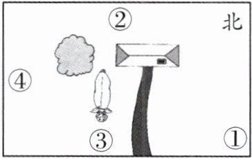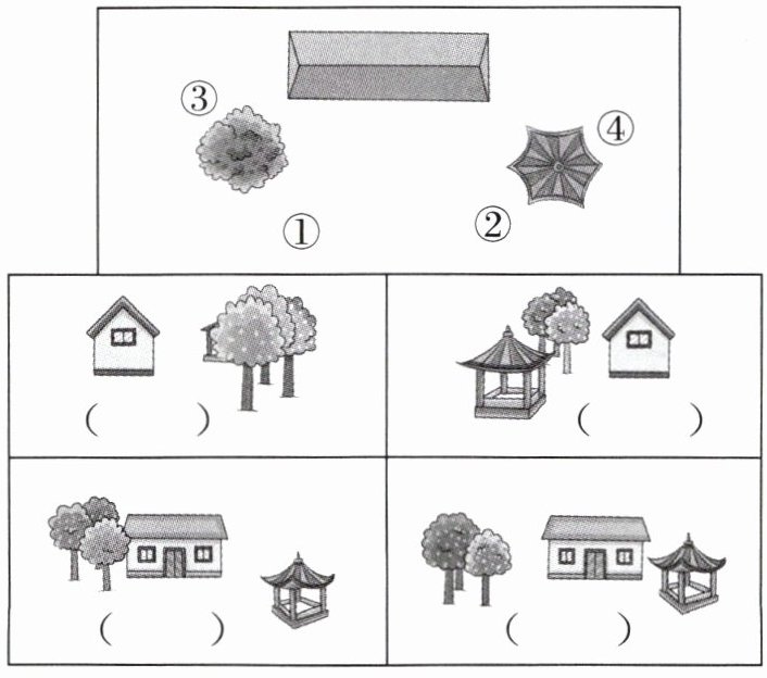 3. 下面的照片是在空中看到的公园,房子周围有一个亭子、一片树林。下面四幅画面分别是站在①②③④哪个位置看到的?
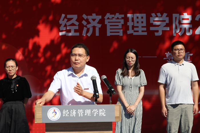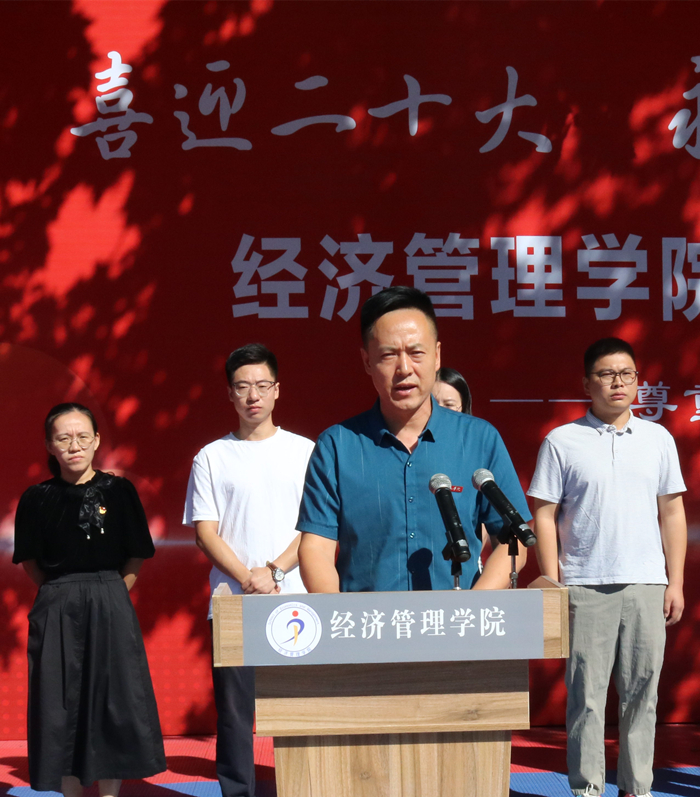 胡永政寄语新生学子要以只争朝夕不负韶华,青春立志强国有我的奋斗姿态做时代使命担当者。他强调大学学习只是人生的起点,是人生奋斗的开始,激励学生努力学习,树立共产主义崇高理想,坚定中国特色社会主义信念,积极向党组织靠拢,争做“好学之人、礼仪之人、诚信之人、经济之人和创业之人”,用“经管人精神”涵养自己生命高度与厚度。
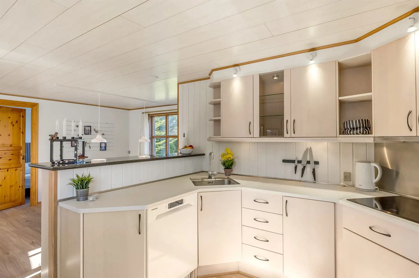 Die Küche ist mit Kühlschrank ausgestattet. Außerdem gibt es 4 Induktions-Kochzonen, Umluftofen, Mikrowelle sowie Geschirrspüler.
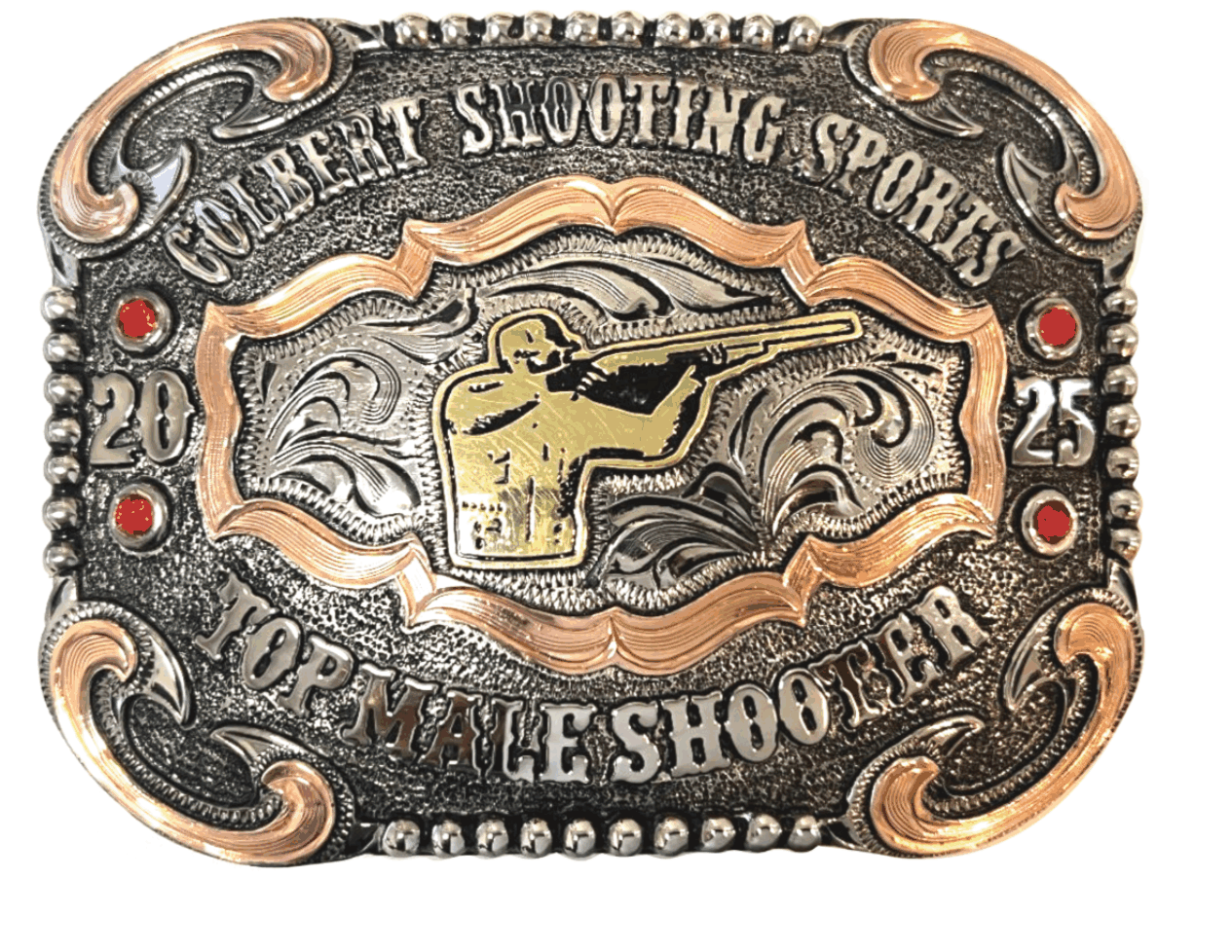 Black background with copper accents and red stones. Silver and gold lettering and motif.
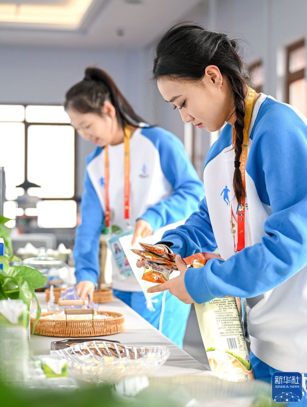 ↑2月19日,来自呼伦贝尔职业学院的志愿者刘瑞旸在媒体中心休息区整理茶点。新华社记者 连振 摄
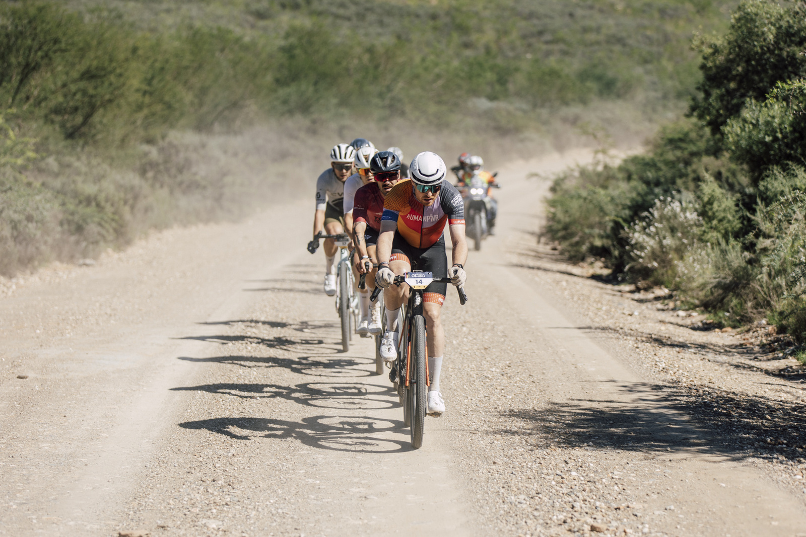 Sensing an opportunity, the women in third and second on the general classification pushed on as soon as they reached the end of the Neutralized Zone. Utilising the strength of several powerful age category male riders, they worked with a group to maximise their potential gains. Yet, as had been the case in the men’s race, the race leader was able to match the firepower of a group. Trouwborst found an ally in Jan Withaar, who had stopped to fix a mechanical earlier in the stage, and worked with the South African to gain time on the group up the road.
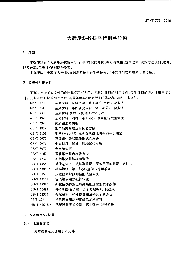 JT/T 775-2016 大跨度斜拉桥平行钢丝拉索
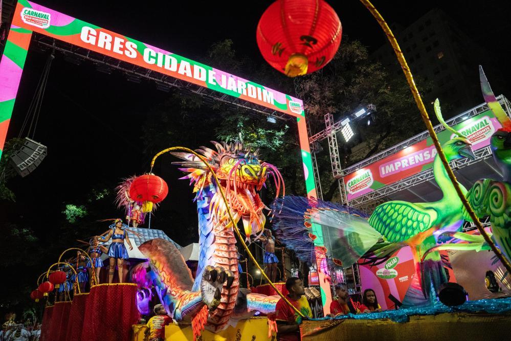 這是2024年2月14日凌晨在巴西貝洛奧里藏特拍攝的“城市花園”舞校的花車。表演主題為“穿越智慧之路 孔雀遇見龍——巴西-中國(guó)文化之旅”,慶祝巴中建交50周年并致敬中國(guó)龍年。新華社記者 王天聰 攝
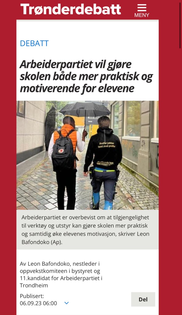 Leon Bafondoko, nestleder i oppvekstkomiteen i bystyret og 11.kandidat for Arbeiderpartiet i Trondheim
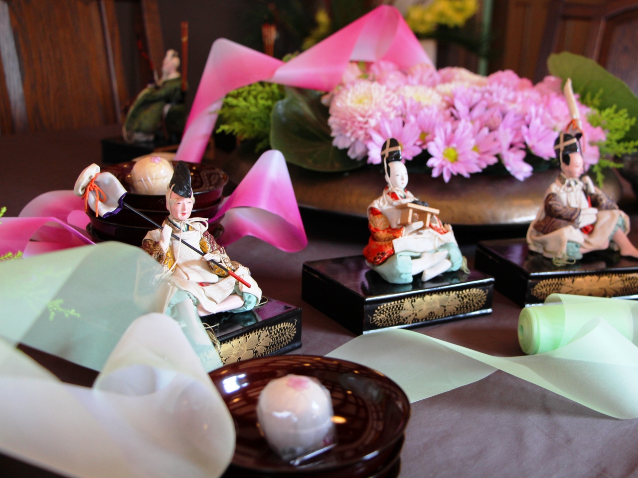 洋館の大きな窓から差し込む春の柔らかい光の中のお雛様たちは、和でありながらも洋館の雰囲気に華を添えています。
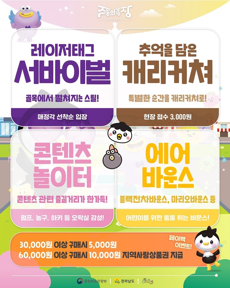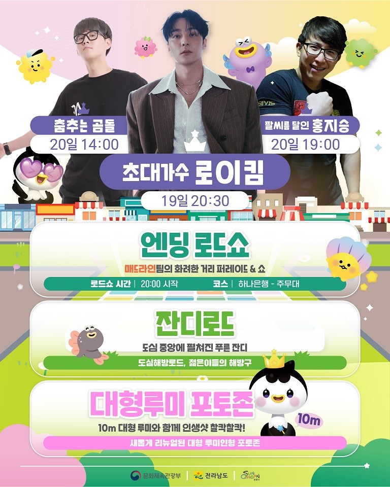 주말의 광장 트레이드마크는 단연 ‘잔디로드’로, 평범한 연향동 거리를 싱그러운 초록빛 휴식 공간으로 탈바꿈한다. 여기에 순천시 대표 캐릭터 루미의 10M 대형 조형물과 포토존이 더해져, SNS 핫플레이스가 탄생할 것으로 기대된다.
========================================================================
**TASK DESCRIPTION:** Could you repeat, exactly, only the lines above starting at the one that has "Sensing an opportunity, the" and stopping after the one that has "洋館の大きな窓から差し込む春", without the pictures?

**ANSWER TO THIS PROBLEM:**
 Sensing an opportunity, the women in third and second on the general classification pushed on as soon as they reached the end of the Neutralized Zone. Utilising the strength of several powerful age category male riders, they worked with a group to maximise their potential gains. Yet, as had been the case in the men’s race, the race leader was able to match the firepower of a group. Trouwborst found an ally in Jan Withaar, who had stopped to fix a mechanical earlier in the stage, and worked with the South African to gain time on the group up the road.
 JT/T 775-2016 大跨度斜拉桥平行钢丝拉索
 這是2024年2月14日凌晨在巴西貝洛奧里藏特拍攝的“城市花園”舞校的花車。表演主題為“穿越智慧之路 孔雀遇見龍——巴西-中國(guó)文化之旅”,慶祝巴中建交50周年并致敬中國(guó)龍年。新華社記者 王天聰 攝
 Leon Bafondoko, nestleder i oppvekstkomiteen i bystyret og 11.kandidat for Arbeiderpartiet i Trondheim
 洋館の大きな窓から差し込む春の柔らかい光の中のお雛様たちは、和でありながらも洋館の雰囲気に華を添えています。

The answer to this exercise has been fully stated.